▶ [YOUR GOAL]: The required answer is an exact copy of the lines from the one containing "廣西建設(shè)工程造價管" to the end of the listing, both included, without any pictures.

━━━━━ DATASET EXTRACT

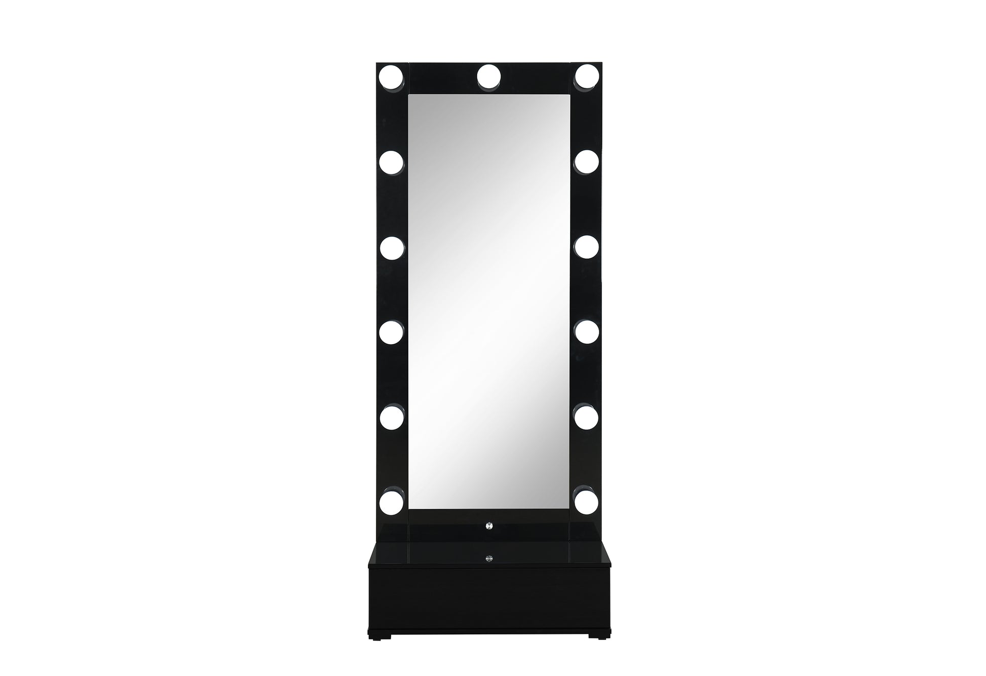 ELLA Black Narrow Tall Mirror with Drawer and Speaker
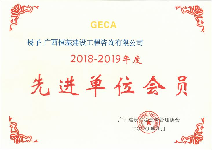 廣西建設(shè)工程造價管理協(xié)會2018-2019年度先進(jìn)單位會員
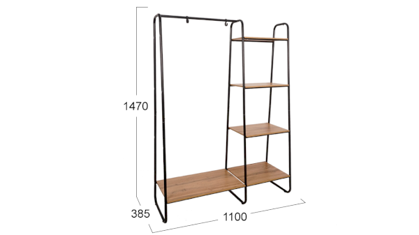 Новинка обладает лаконичным, стильным дизайном и представлена в универсальном черном цвете. Модулю присущи черты минимализма: открытость планировки, максимум простора и воздуха, что делает её идеальным решением для открытого хранения верхней, повседневной одежды и аксессуаров. Наша новинка- это базовое изделие, которое гармонично впишется в скандинавский стиль и направление лофт, а также ее  можно назвать классикой.
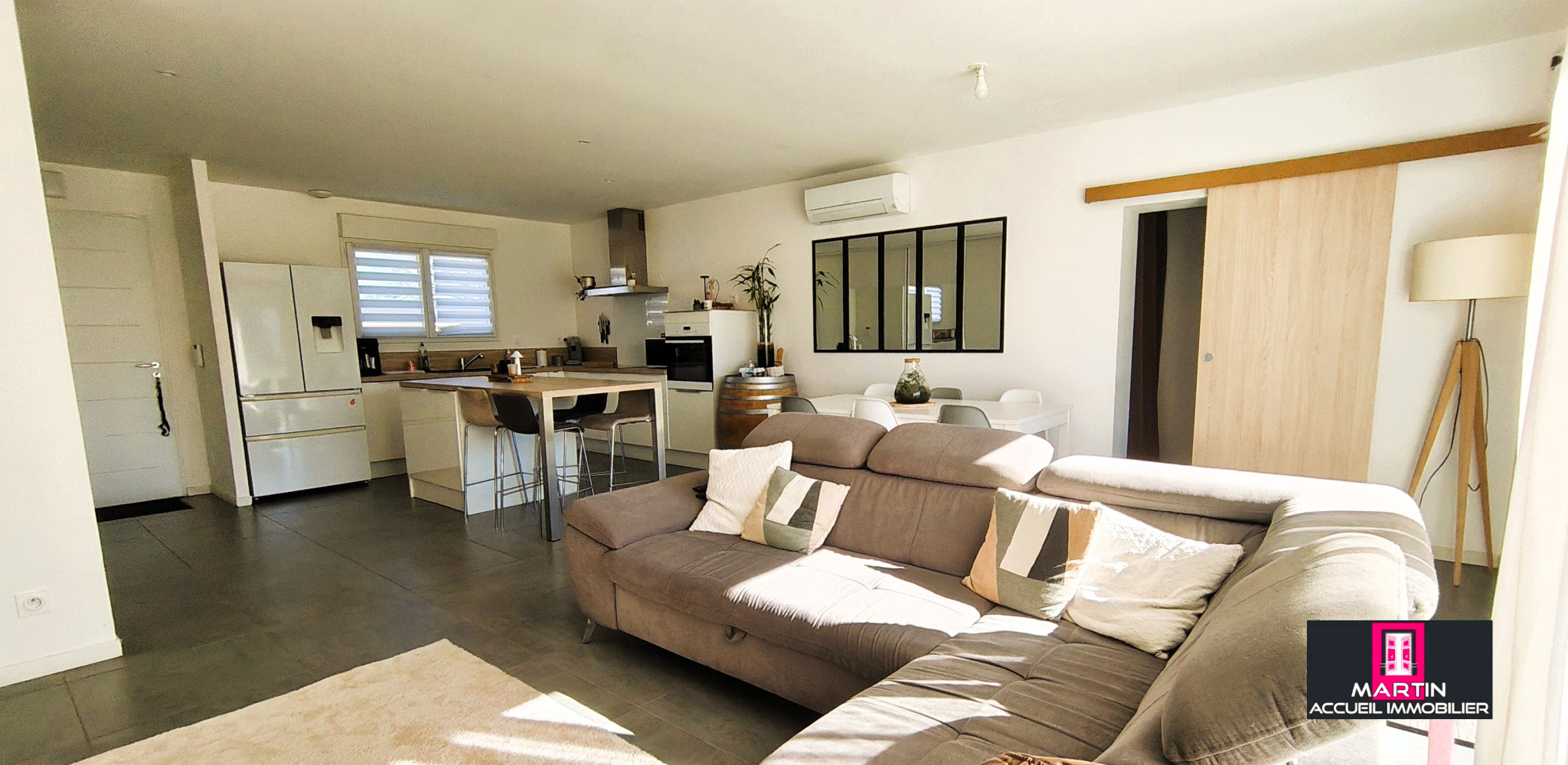 La maison s'articule autour d'une vaste pièce de vie de 45m² exposée Sud-Est, largement ouverte sur l'extérieur. La cuisine américaine, entièrement équipée et intégrée à cet espace, favorise la convivialité.

━━━━━━━━━━

▶ [SOLUTION FOR THIS PROBLEM]:
 廣西建設(shè)工程造價管理協(xié)會2018-2019年度先進(jìn)單位會員
 Новинка обладает лаконичным, стильным дизайном и представлена в универсальном черном цвете. Модулю присущи черты минимализма: открытость планировки, максимум простора и воздуха, что делает её идеальным решением для открытого хранения верхней, повседневной одежды и аксессуаров. Наша новинка- это базовое изделие, которое гармонично впишется в скандинавский стиль и направление лофт, а также ее  можно назвать классикой.
 La maison s'articule autour d'une vaste pièce de vie de 45m² exposée Sud-Est, largement ouverte sur l'extérieur. La cuisine américaine, entièrement équipée et intégrée à cet espace, favorise la convivialité.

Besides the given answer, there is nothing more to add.